Instructions to follow.
Please, from the entries below, transcribe exactly the lines that begin at the line with "Hombre Graphic Cosecha" and end at the line with "Gerardo Guardia colecciona", without the pictures.

Study material.
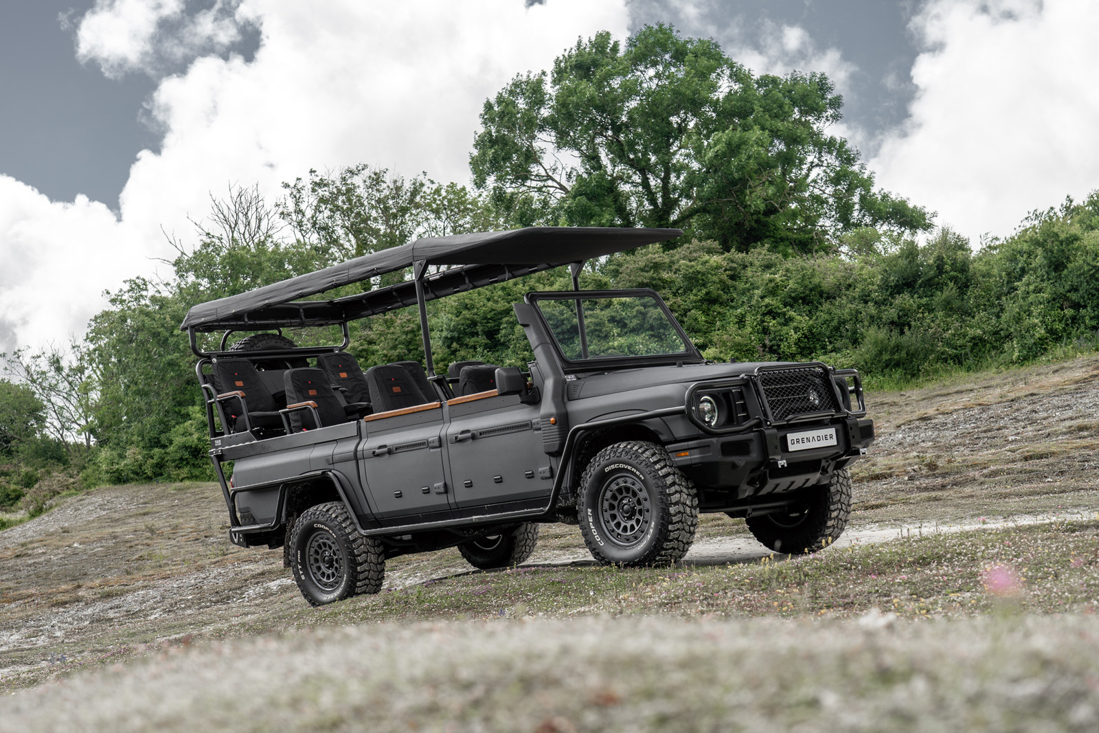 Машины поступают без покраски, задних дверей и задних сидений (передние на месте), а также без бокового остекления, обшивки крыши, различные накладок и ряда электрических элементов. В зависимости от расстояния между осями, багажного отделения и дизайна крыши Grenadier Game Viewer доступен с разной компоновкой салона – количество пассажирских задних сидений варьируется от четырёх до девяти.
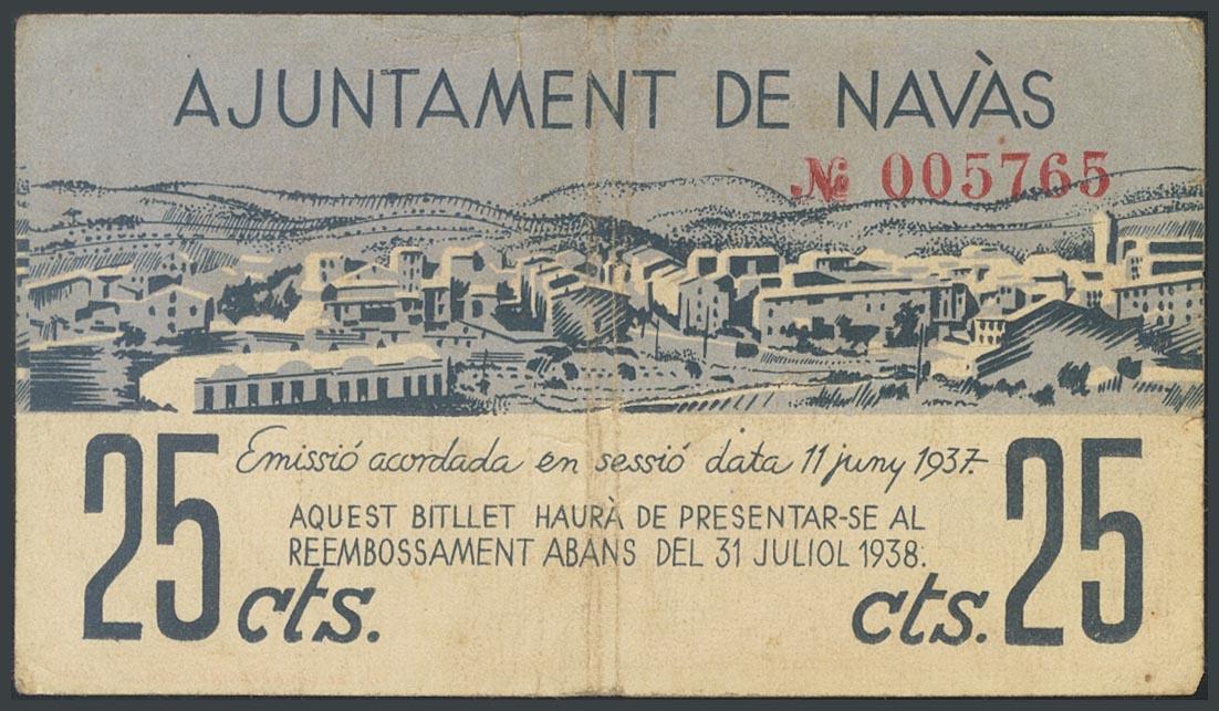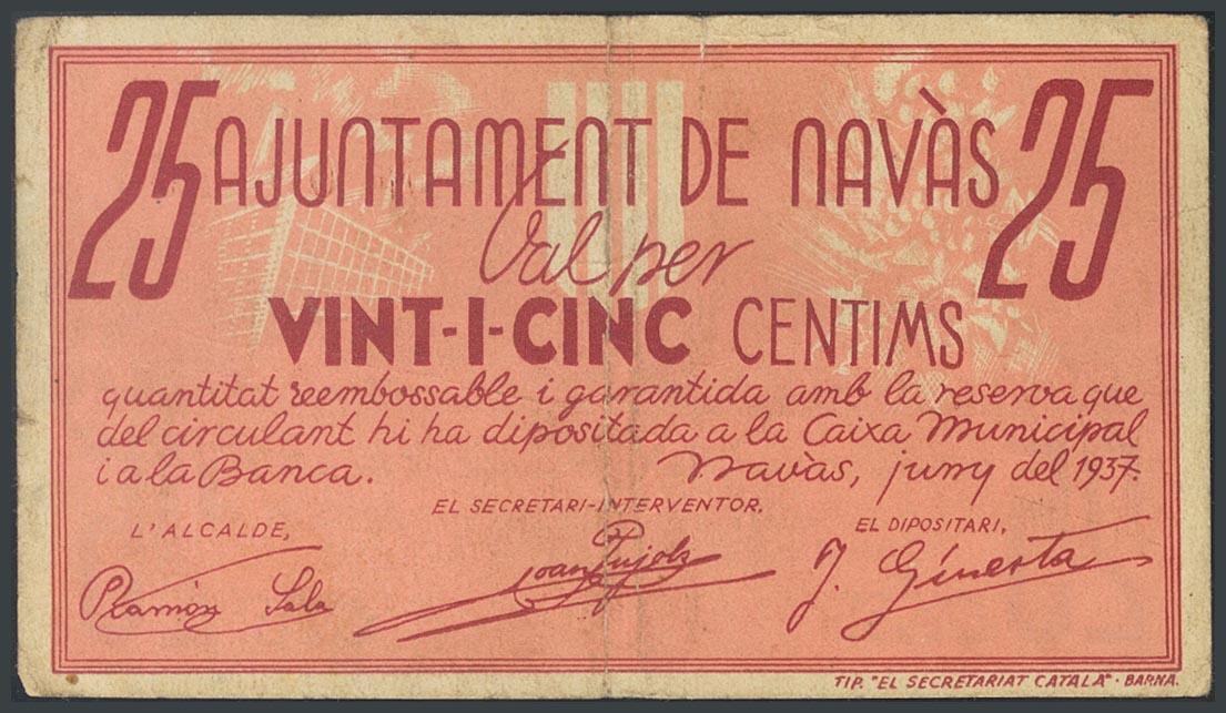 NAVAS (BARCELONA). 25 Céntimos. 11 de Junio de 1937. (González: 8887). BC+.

* * *

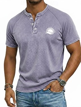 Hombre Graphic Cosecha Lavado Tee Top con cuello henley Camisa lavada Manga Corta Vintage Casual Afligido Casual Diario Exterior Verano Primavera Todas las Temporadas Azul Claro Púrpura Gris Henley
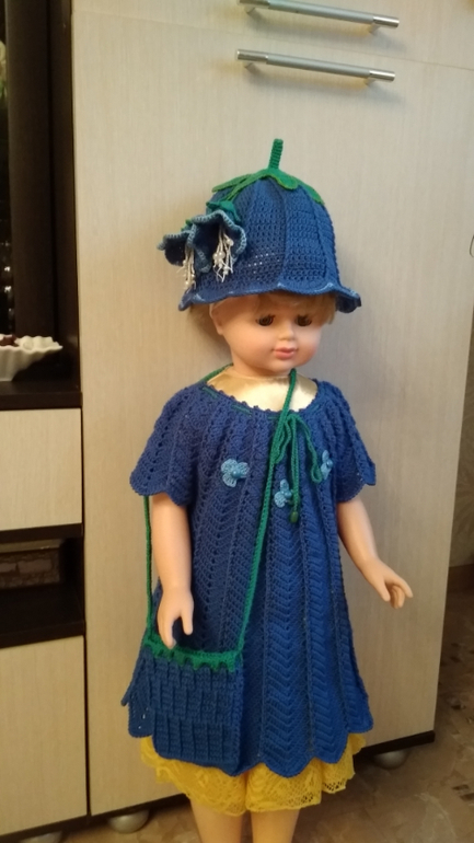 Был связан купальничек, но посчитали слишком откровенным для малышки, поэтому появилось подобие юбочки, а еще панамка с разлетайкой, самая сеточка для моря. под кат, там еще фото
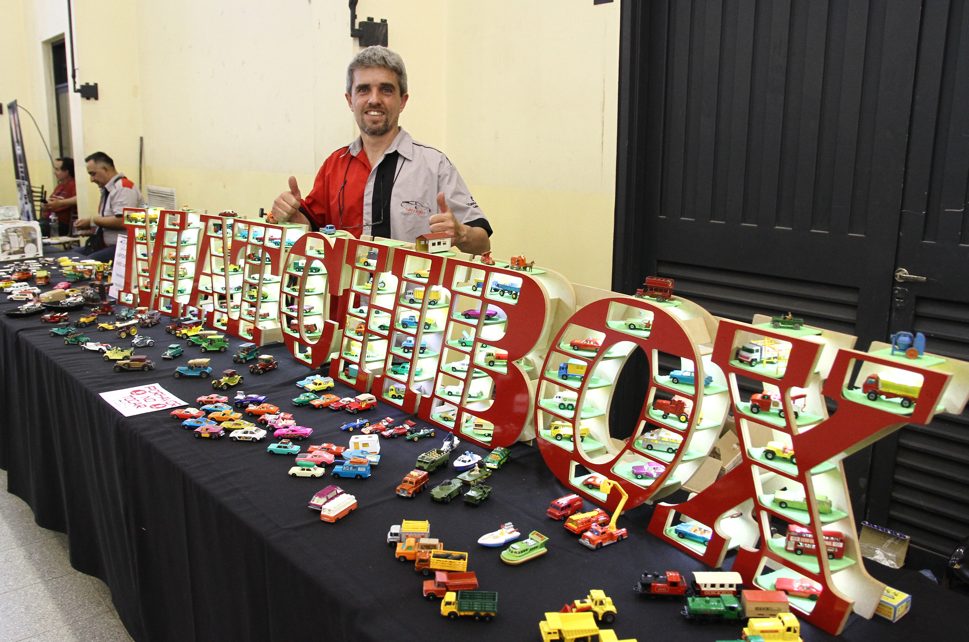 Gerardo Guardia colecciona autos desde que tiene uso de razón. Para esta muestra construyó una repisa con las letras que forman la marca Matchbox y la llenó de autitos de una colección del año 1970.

Result of this task.
 Hombre Graphic Cosecha Lavado Tee Top con cuello henley Camisa lavada Manga Corta Vintage Casual Afligido Casual Diario Exterior Verano Primavera Todas las Temporadas Azul Claro Púrpura Gris Henley
 Был связан купальничек, но посчитали слишком откровенным для малышки, поэтому появилось подобие юбочки, а еще панамка с разлетайкой, самая сеточка для моря. под кат, там еще фото
 Gerardo Guardia colecciona autos desde que tiene uso de razón. Para esta muestra construyó una repisa con las letras que forman la marca Matchbox y la llenó de autitos de una colección del año 1970.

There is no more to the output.